* [Stored entries]
_ _ _ _ _

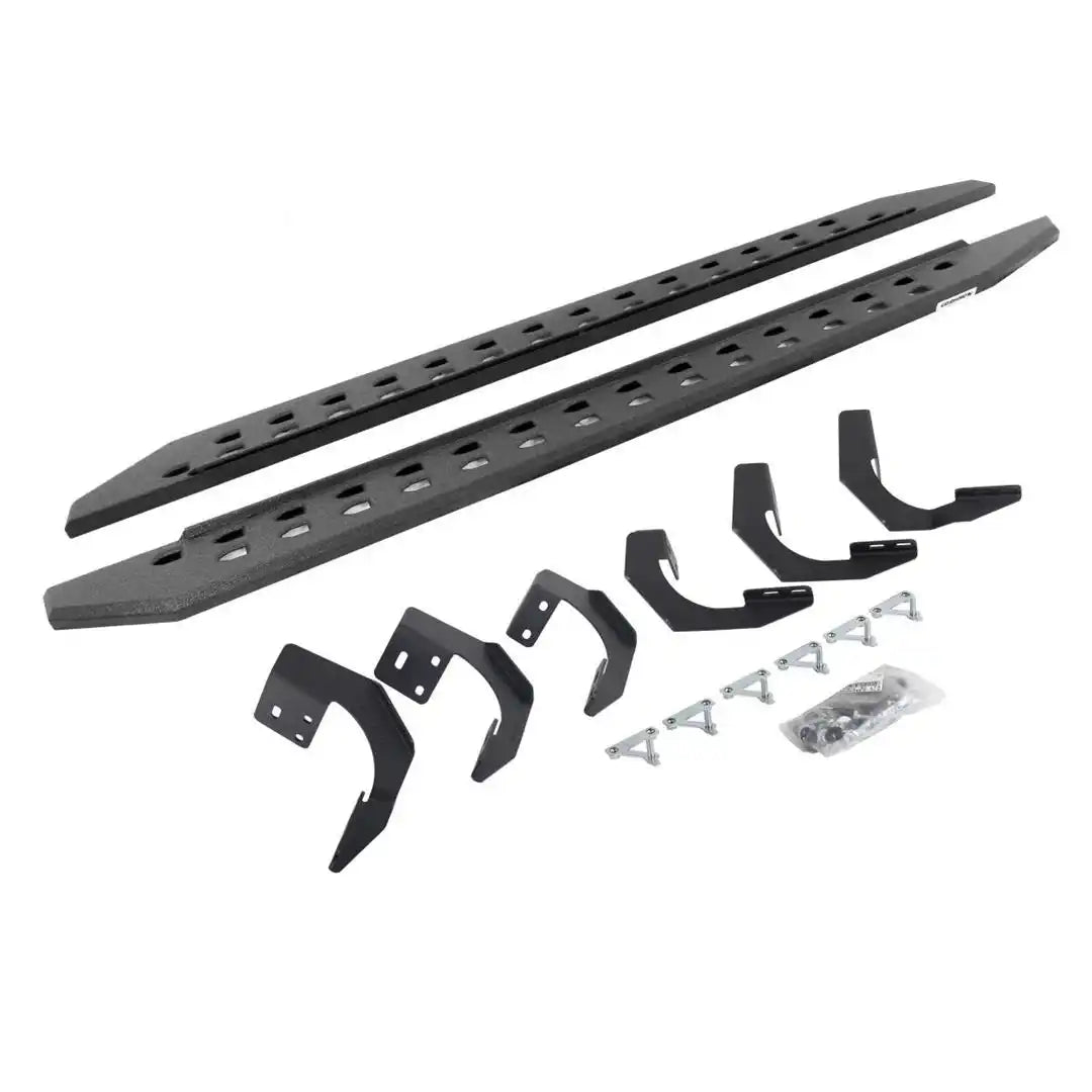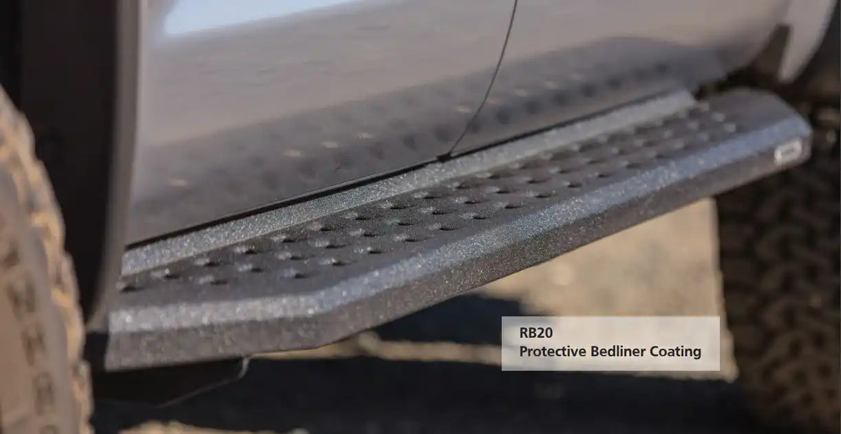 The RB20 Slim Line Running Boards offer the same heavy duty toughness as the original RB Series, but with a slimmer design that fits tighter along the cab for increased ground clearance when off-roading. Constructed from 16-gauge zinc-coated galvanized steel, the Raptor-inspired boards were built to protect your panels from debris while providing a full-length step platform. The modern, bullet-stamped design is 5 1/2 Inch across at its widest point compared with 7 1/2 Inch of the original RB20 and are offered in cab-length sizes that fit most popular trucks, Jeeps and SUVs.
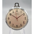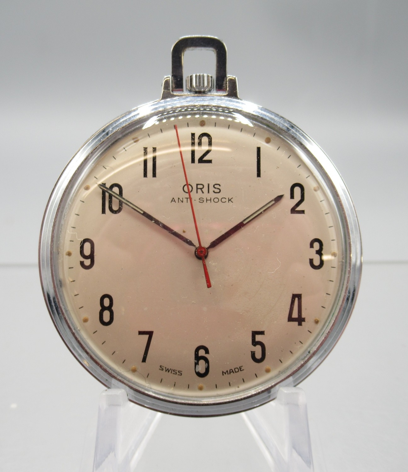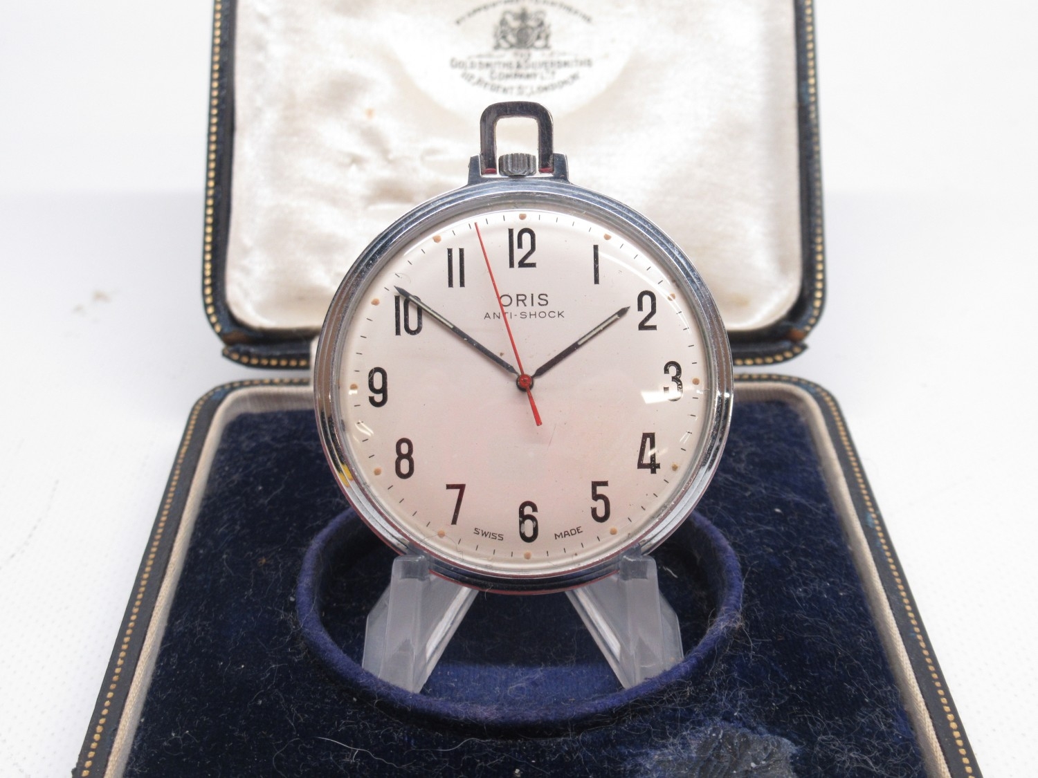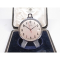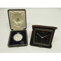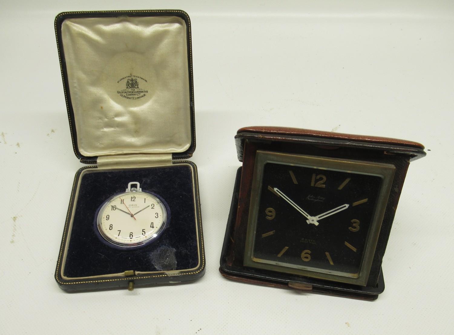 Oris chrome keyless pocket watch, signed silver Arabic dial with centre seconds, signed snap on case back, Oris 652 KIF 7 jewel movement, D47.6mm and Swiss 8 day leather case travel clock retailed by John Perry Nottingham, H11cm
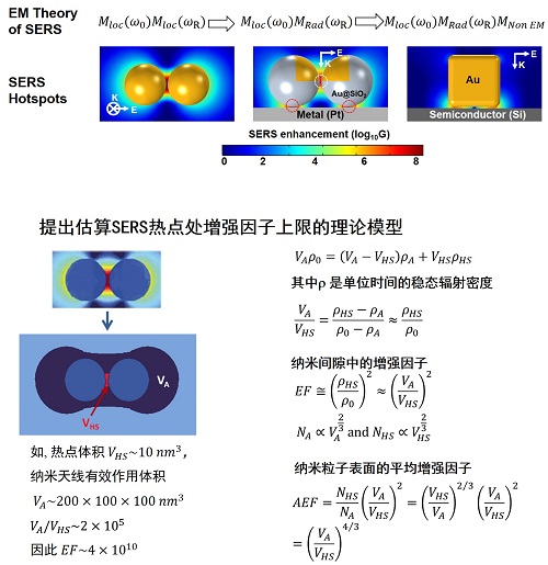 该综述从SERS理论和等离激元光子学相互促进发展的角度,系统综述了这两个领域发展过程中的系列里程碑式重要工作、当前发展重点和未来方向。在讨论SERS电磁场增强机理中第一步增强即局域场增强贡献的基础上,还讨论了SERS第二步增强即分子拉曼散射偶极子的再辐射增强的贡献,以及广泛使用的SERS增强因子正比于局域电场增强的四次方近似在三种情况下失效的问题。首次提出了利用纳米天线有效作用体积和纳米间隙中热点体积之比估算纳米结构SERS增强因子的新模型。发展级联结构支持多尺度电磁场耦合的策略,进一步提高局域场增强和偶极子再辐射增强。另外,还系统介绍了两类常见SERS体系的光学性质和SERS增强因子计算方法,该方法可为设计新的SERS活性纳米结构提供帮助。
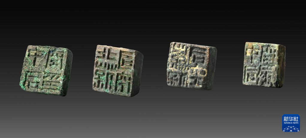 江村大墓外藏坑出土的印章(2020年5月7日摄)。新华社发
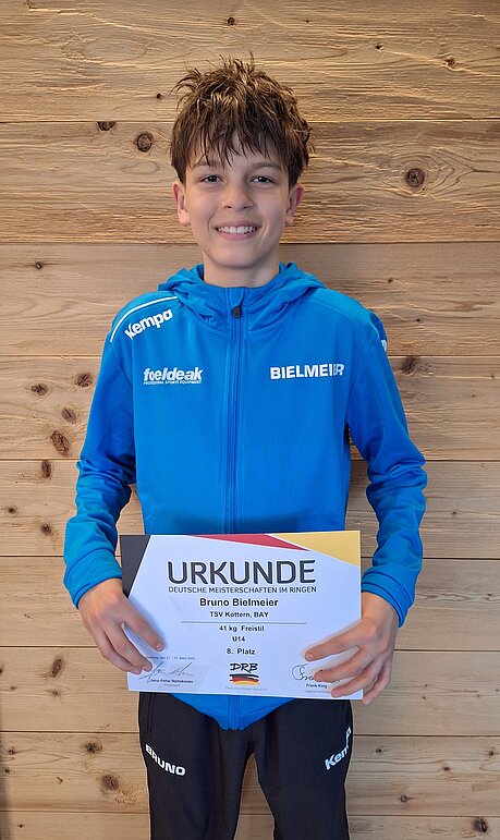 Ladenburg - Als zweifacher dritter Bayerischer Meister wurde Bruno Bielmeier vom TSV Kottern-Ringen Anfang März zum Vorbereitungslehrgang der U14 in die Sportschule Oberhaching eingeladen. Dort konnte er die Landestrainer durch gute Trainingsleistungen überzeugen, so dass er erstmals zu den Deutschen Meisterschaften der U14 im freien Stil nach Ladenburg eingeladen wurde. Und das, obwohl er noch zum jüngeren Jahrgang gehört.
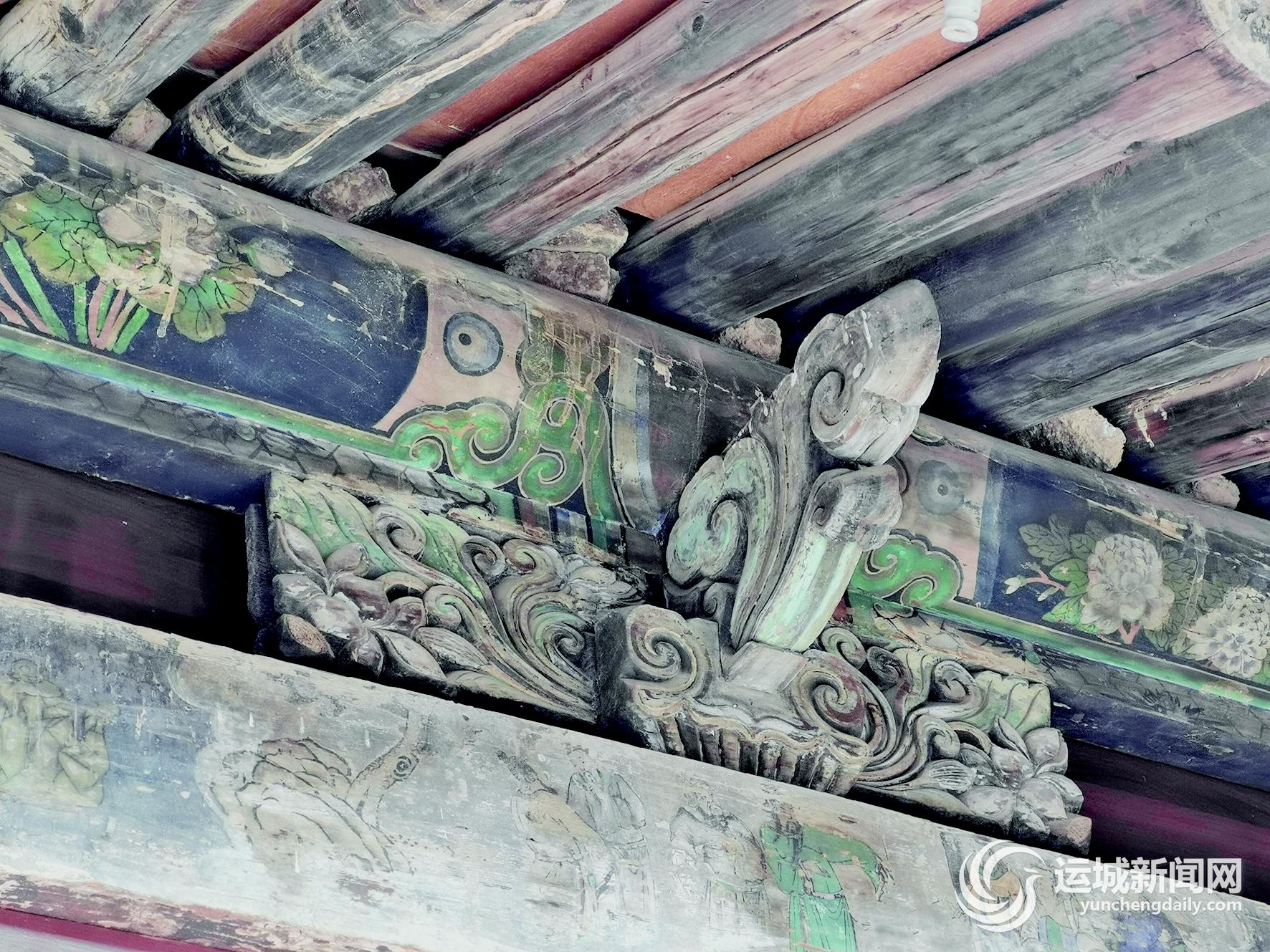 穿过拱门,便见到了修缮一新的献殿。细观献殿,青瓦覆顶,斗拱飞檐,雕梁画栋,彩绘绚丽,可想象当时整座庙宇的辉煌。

_ _ _ _ _

* [Problem to work on]
When you reach the line containing "Oris chrome keyless" in the entries above, begin restating word for word, and stop once the line containing "江村大墓外藏坑出土的印章(2020年5月7日摄)。新华社发" has been given. Omit the pictures.

* [Answer space]
 Oris chrome keyless pocket watch, signed silver Arabic dial with centre seconds, signed snap on case back, Oris 652 KIF 7 jewel movement, D47.6mm and Swiss 8 day leather case travel clock retailed by John Perry Nottingham, H11cm
 该综述从SERS理论和等离激元光子学相互促进发展的角度,系统综述了这两个领域发展过程中的系列里程碑式重要工作、当前发展重点和未来方向。在讨论SERS电磁场增强机理中第一步增强即局域场增强贡献的基础上,还讨论了SERS第二步增强即分子拉曼散射偶极子的再辐射增强的贡献,以及广泛使用的SERS增强因子正比于局域电场增强的四次方近似在三种情况下失效的问题。首次提出了利用纳米天线有效作用体积和纳米间隙中热点体积之比估算纳米结构SERS增强因子的新模型。发展级联结构支持多尺度电磁场耦合的策略,进一步提高局域场增强和偶极子再辐射增强。另外,还系统介绍了两类常见SERS体系的光学性质和SERS增强因子计算方法,该方法可为设计新的SERS活性纳米结构提供帮助。
 江村大墓外藏坑出土的印章(2020年5月7日摄)。新华社发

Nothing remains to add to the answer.